Background information

If your code or function requires resource files such as .jar files, you can upload resources to your workspace and reference them.
If the existing built-in functions do not meet your requirements, you can create user-defined functions (UDFs) and customize processing logic. You can upload the required JAR packages to your workspace so that you can reference them when you create UDFs.
Note
  • You can view built-in functions in the Built-In Functions pane. For more information, see Functions.
  • You can view the UDFs that you have committed or deployed in DataWorks in the MaxCompute Functions pane. For more information, see MaxCompute functions.

You can upload different types of resources, such as text files, Python code, and compressed packages in the .zip, .tgz, .tar.gz, .tar, and .jar formats to MaxCompute. You can read or use these resources when you run UDFs or MapReduce.

MaxCompute provides API operations for you to read and use resources. The following types of resources are supported:
  • Python: the Python code you have written. You can use Python code to register Python UDFs.
  • JAR: the compiled Java JAR packages.
  • Archive: the compressed files that can be identified by the file name extension. Supported file types include .zip, .tgz, .tar.gz, .tar, and .jar.
  • File: the files in the .zip, .so, or .jar format.
JAR resources and file resources have the following differences:
  • You can write Java code in an offline Java environment, compress the code to a JAR package, and then upload the package as a JAR resource to DataWorks.
  • You can create and edit a small-sized file resource in the DataWorks console.
  • If you want to upload a resource file whose size is greater than 500 KB from your on-premises machine when you create a file resource, you can select Large File (over 500 KB).
    Note You can upload a resource file whose size is no more than 50 MB. If you want to upload a resource file whose size is greater than 50 MB, you can use the MaxCompute client to perform this operation. Then, commit the resource file to DataWorks in the MaxCompute Resources pane. For more information, see MaxCompute resources.

Create a JAR resource

  1. Go to the DataStudio page.
    1. Log on to the DataWorks console.
    2. In the left-side navigation pane, click Workspaces.
    3. In the top navigation bar, select the region where your workspace resides, find the workspace, and then click Data Analytics in the Actions column.
  2. On the DataStudio page, move the pointer over the Create icon and choose MaxCompute > Resource > JAR.
    Alternatively, you can click the name of the desired workflow in the Business Flow section, right-click MaxCompute, and then choose Create > Resource > JAR.

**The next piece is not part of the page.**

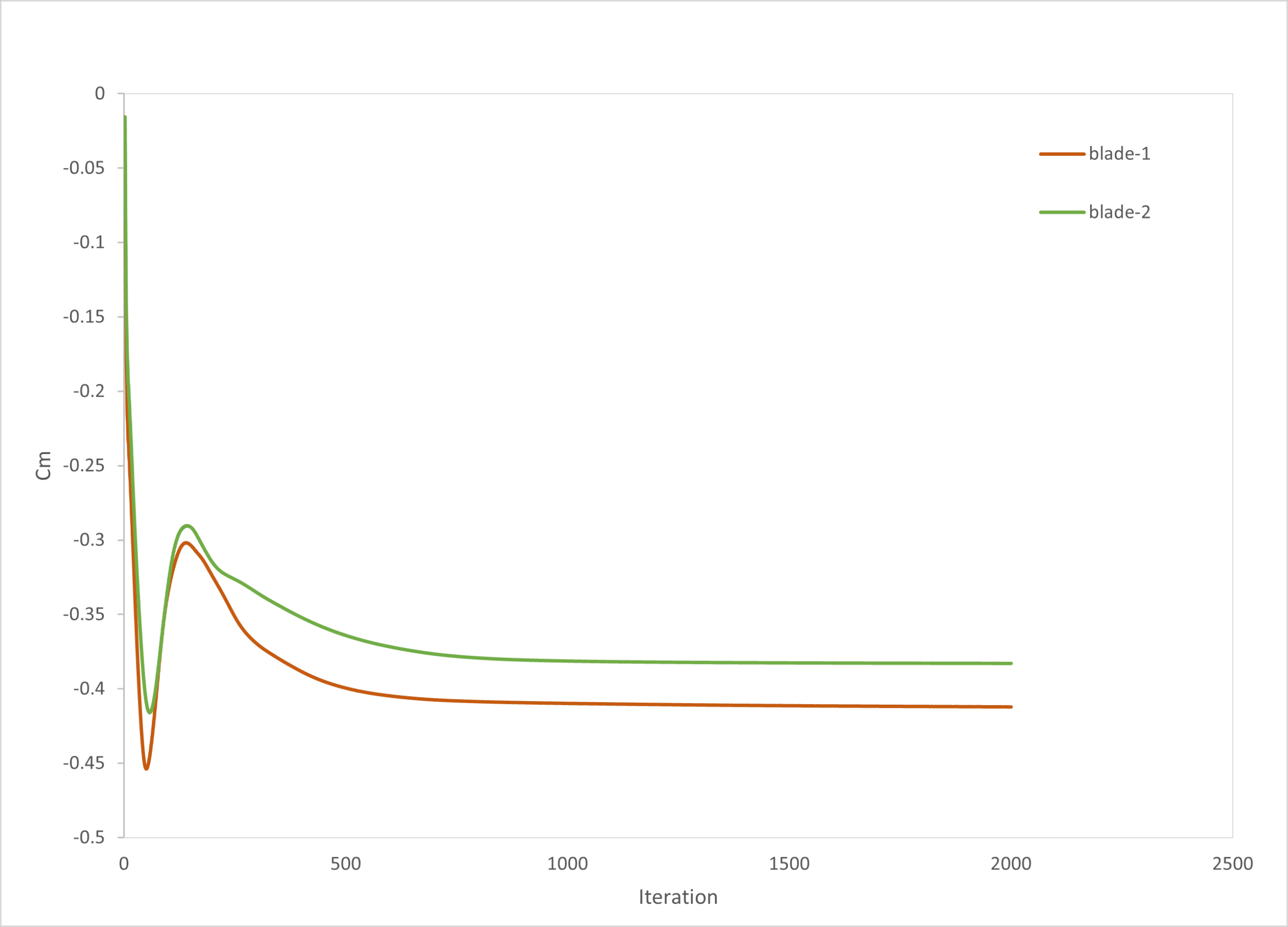 Both blades have negative pitching moments, meaning the aerodynamic forces create a nose-down torque tendency. Blade1 has a more negative (Cm) than Blade2, indicating it is less aerodynamically balanced.

    For more information about how to create a workflow, see Create a workflow.

  3. In the Create Resource dialog box, configure the Resource Name and Location parameters.
    Note
    • If the selected JAR package has been uploaded from the MaxCompute client, clear Upload to MaxCompute. If you do not clear it, an error occurs during the upload process.
    • The resource name can be different from the name of the uploaded file.
    • The resource name must be 1 to 128 characters in length and can contain letters, digits, underscores (_), and periods (.). The name is not case-sensitive. A JAR resource name must end with .jar, and a Python resource name must end with .py.
  4. Click Upload and select the file that you want to upload.
  5. Click Create.
  6. Click the Commit icon in the top toolbar to commit the resource to the development environment.
    If the workspace that you use is in standard mode, you must click Deploy in the upper-right corner to deploy the resource after you commit the resource. For more information, see Deploy nodes.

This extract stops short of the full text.